Кондуктор приложил палец ко рту.

– Революция! – весело сказал он. – Говорят, сегодня уберут старого князя!

– Меттерниха? Да быть не может.

– Blodsinn! Was fallt ihm ein![109]109
  Чепуха! Что это ему пришло в голову! (нем.)


[Закрыть]
 – сказал венец, изумленно подняв брови. – У нас в Вене никогда ничего не происходит. Какая там революция!

– Вероятно, вздор! Князь здесь диктатор тридцать с лишним лет, он никогда не уйдет, – сказал пассажир-швейцарец. Кондуктор лукаво усмехнулся и убежал.

– «Какая еще революция?» – спросил себя Лейден. Он и забыл о революции во Франции. В самом деле около станции дилижансов происходило что-то необычное. Пробегавший по улице человек вдруг по французски запел «Марсельезу»; впрочем тотчас осекся, так как на него все изумленно глядели. Константин Платонович вошел в контору. Чиновник с медалью на его вопрос о билете в Львов угрюмо ответил, что дилижанс уходит в Лемберг через четыре часа и что мест сколько угодно.
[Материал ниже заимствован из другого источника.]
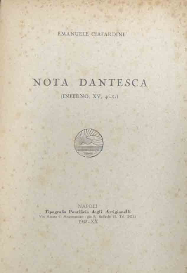 Emanuele Ciafardini, Nota dantesca (Inferno, XV, 46-51), Tipografia Pontificia degli Artigianelli, Napoli 1942, pp. 22, cm 25, opuscolo spillato. Estratto dal vol. XXII dei Rendiconti della R. Accademia di Archeologia, Lettere e Belle Arti della Società Reale di Napoli, 1942. Dedica manoscritta dell’autore alla prima pagina. Tracce d’uso, lievi fioriture e bruniture, per il resto ben conservato.
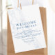 Guide your guests in coastal style with this wedding weekend events card featuring an elegant dusty blue Corolla, NC map. The front includes a warm welcome message in navy blue, while the back showcases a clear weekend itinerary schedule. Perfect for an Outer Banks wedding at The Whalehead Club, The Currituck Club, The Chesapeake, The Black Stallion, or The Three Authors. Artwork by Coastal Map Designs.
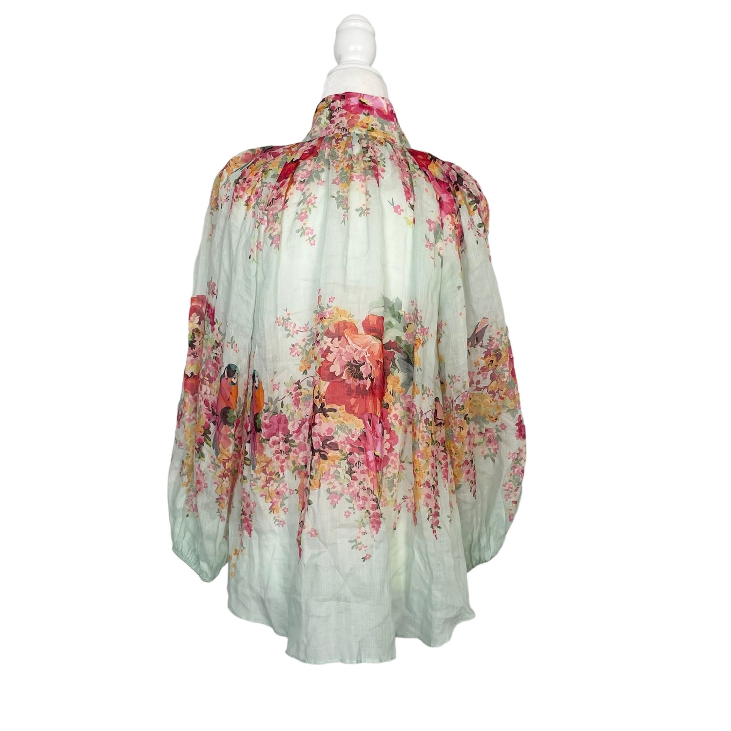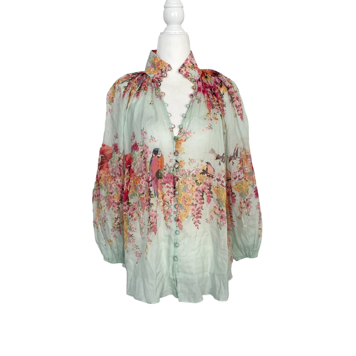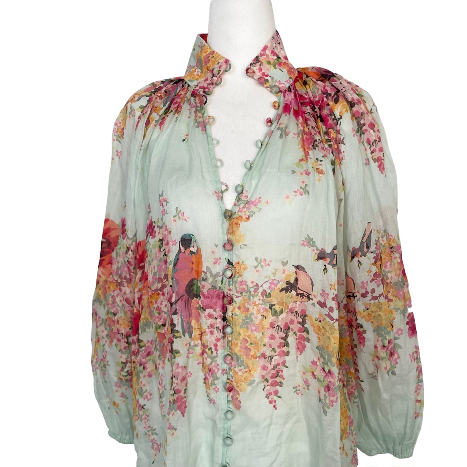 Zimmermann blouse. Beautiful bird and floral print. Mini buttons at front. Whimsical loose and comfortable. Designer size 0.
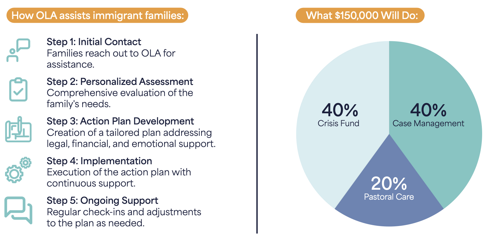 Your gift to Ola Immigrant Welcome Center provides critical support, from essential assistance and English learning to legal navigation and community support. With your generosity, families can thrive rather than survive.
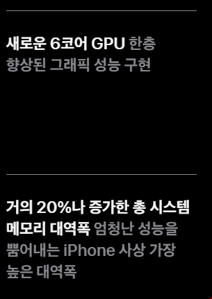 그리고 아이폰 16 프로 프로세서인 A18 Pro는 GPU 6 코어, CPU 2 성능코어와 4 효율코어로 구성되어 A17 Pro가 탑재된 아이폰 15 프로보다 CPU는 최대 15%, GPU는 최대 20% 속도가 상승하였습니다. 성능적인 부분이 크게 상승하였다고 느껴지지 않을 수 있지만, 아이폰 16 프로 배터리 타임에 큰 영향을 주었습니다.
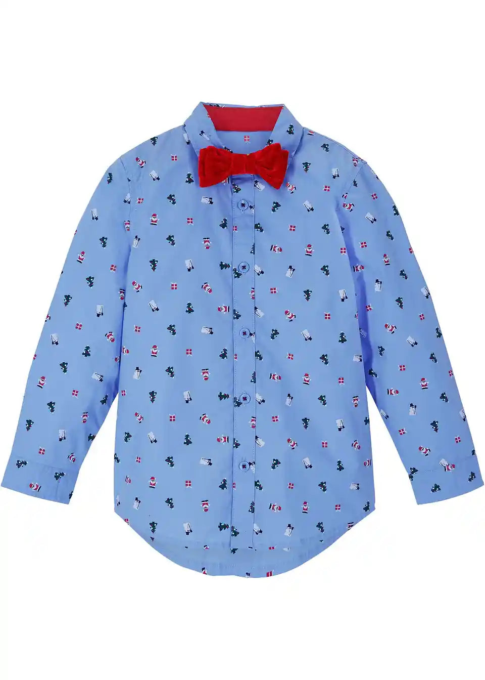 Ta srajca z barvno kontrastno kravato v Slim Fit kroju za fante je pravi pogled za privlačnost! Božični Allover potisk takoj pritegne pozornost. Model s Kent ovratnikom in enostavnim zapenjanjem na gumbe omogoča visoko udobje nošenja. Manšete so dekorativno oblikovane z režo in gumbi.

– Никто не хочет ехать, сегодня пять человек вернули билеты… Если его светлость уйдет, то вероятно будут грабить на дорогах.

Лейден купил билет, сдал чемоданы на хранение и пошел туда, куда шли все. Люди шли в направлении на Балльплатц степенно с мирным, благодушным видом. На площади перед каким-то дворцом собралась большая толпа, не сплошная, а странно разбившаяся на участки, точно тут происходило несколько самостоятельных манифестаций. У ворот стояло человек десять солдат, но и у них вид был миролюбивый; они ни в кого стрелять как будто не собирались. Почти у ворот дворца молодой человек, вероятно студент, быть может кандидат в Ламартины или Дантоны, взобрался на плечи товарищей и, работая для равновесия руками, как акробат на канате, говорил речь по немецки: – «Да здравствует император!.. Да здравствует императорский дом!.. Долой князя Меттерниха!.. Надо понять дух времени!» – кричал он. Товарищи его поддерживали и тоже что-то весело кричали. На другом участке площади чех говорил по чешски, на третьем кто-то говорил еще на каком-то языке. «Вавилонская башня или просто водевиль?» – подумал устало Лейден, входя в кофейню. Там тоже все кричали и спорили. Все столики были заняты, люди пили пиво, шоколад, кофе со сливками, не очень засиживались и снова выходили на площадь восстания. Их места занимали другие. Когда Константин Платонович выходил, солдаты вытянулись и отдали честь. Из дворца вышел раззолоченный старичек. По портретам Лейден узнал князя Меттерниха. Ораторы замолчали, толпа расступилась. Князь, неодобрительно и укоризненно поглядывая на манифестантов, прошел на другую сторону площади. Тотчас пронесся слух, что император вызвал канцлера для принятия его отставки. Толпа разразилась рукоплесканьями, веселье еще увеличилось. «Вот он, диктатор!» – подумал Константин Платонович, представляя себе дряхлое, слабое, безобразное тело этого еле живого, вероятно больного десятками болезней старичка, и других таких же стариков и старух, правивших миром, плохо им правивших. «И так же хороши те, кто идут им на смену, и так же хорош я сам»…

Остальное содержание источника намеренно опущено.